Havens warned his listeners—the men of Company H and the people of Crown Point—not to put any stock in the mutterings of rancorous Democrats who were too stubborn to accept the positive forces of abolition. The soldiers may not have enlisted for abolitionist reasons back in 1861, he declared, but as of 1863, they fought for an abolitionist cause, and that was nothing of which to be ashamed:

The cry that this is a needless war of abolition has lost all its power and political significance—is dying away with the gust of passion and political excitement that gave it birth, and is now heard only from lips accustomed to the dialect of treason and disloyalty. Nor can it be charged that this is a war of conquest and subjugation or a war to spread carnage and bloodshed over the states in revolt—but on the contrary, it is a war to stay the hand of violence which those states have raised against us,—it is bringing them back to their allegiance and to maintain the government of the country which they have wickedly conspired to overthrow, and thus to preserve the Constitution and the laws which we and they have sworn to support. I deny that this war has any other avowed or real object than this, but I hail with inexpressible delight the great truth that as an inevitable result of the conflict, the dark blot of human slavery is to be forever wiped out on this continent, and if there is a man who hears me today whose eyes are so blind to the endless train of evils which slavery has inflicted upon our nation and whose heart is so insensible to the cries of suffering, oppressed humanity, that he will not also rejoice with me, that the triumph of our arms, while it restores the nation to its integrity, removes forever the great cause of all our troubles, I will not say whether I have the more of pity or contempt for that poor benighted man. . . . We should not forget that this war is not for ourselves alone or our posterity, but for the world and for all time. The question of the possibility of maintaining free institutions is now on trial before the nations,—the problem of free government is now to be settled, and if we fail—if the grand experiment inaugurated by our fathers, and so long and so successfully carried on in our hands shall now fail and our country sink into a state of anarchy or be divided into separate sovereign states—contiguous, jealous and ever exposed to make war upon each other, for one I should feel that the sun of freedom had gone back on the dial plate of time for generations and for centuries, and might never rise again.

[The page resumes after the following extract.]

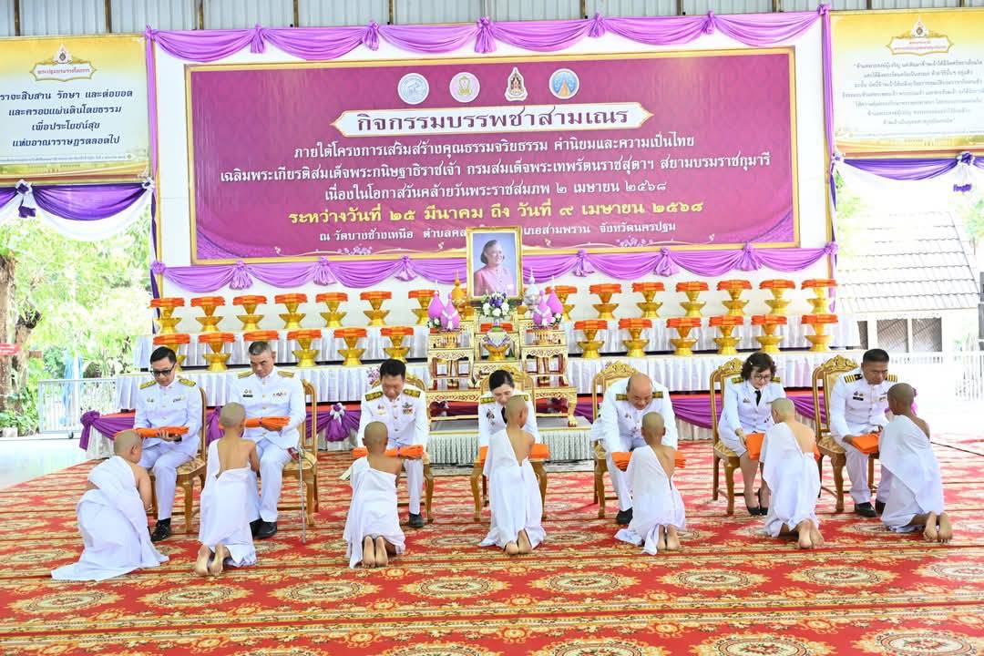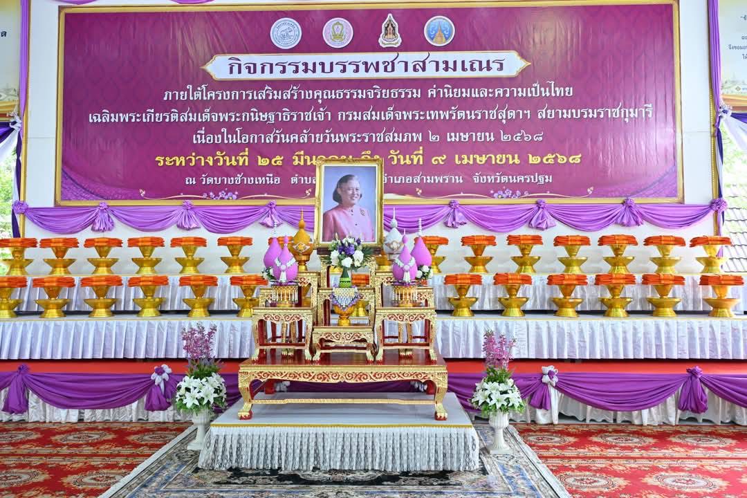 เมื่อวันที่ 26 มีนาคม 2568 เวลา 9.30 น. ที่ศาลาอเนกประสงค์ วัดบางช้างเหนือ ตำบลคลองใหม่อำเภอสามพราน จังหวัดนครปฐม พระราชวชิรสุตาภรณ์ เจ้าคณะจังหวัดนครปฐม เจ้าอาวาสวัดบางช้างเหนือ ประธานสงฆ์จัดพิธีมอบผ้าไตรและพิธีบรรพชาสามเณร ภายใต้โครงการเสริมสร้างคุณธรรมจริยธรรม ค่านิยมและความเป็นไทย เฉลิมพระเกียรติ สมเด็จพระกนิษฐาธิราชเจ้า กรมสมเด็จพระเทพรัตนราชสุดาฯ สยามบรมราชกุมารี เนื่องในโอกาสวันคล้ายวันพระราชสมภพ 2 เมษายน 2568 โดยมีนางสาวอโรชา นันทมนตรี ผู้ว่าราชการจังหวัดนครปฐม เป็นประธานพิธีฝ่ายฆราวาส นางฐิติรัตน์ เรืองสังข์ วัฒนธรรมจังหวัดนครปฐม กล่าวรายงานต่อประธานในพิธีฯ ว่าที่ร้อยโทอรรถชล ทรัพย์ทวี นายอำเภอสามพราน พร้อมด้วยหัวหน้าส่วนราชการ ผู้ปกครองผู้เข้ารับการบรรพชาอุปสมบทสามเณร พุทธศาสนิกชน เข้าร่วมพิธีฯ

I do hope that Havens’s words resonated with the men of Company H. I’d prefer to believe that when the soldiers of the 34th New York dispersed for the final time, they pondered their role in the great crusade against slavery and didn’t mutter petty recriminations under their breath concerning the removal of McClellan. Approximately 160 soldiers from the 34th New York had given their “last full measure of devotion” during the Civil War. I hope that, in this last hour, when they were all ready to say farewell and go their separate ways, they contemplated the worth of ending the scourge of slavery.

But of course, the cynic in me remembers how the other companies all vented their frustrations by mindlessly cheering for Little Mac.

A thousand curses upon McClellan and his ego!

This portrait of George McClellan may have been similar to the one carried by the 34th New York during its homecoming to Albany.

This depicts the flag of Company I, 34th New York. (Baron Von Steuben is the man depicted in the wreath.) During the homecoming to Penn Yan and Hammondsport, the soldiers of Company I decorated this flag with their McClellan portrait.

This is the commander of Company A, 34th New York, 2nd Lt. John Oathout. He was one of the regiment's fervent McClellan supporters. When his company returned to West Troy, he delivered a long speech in favor of McClellan.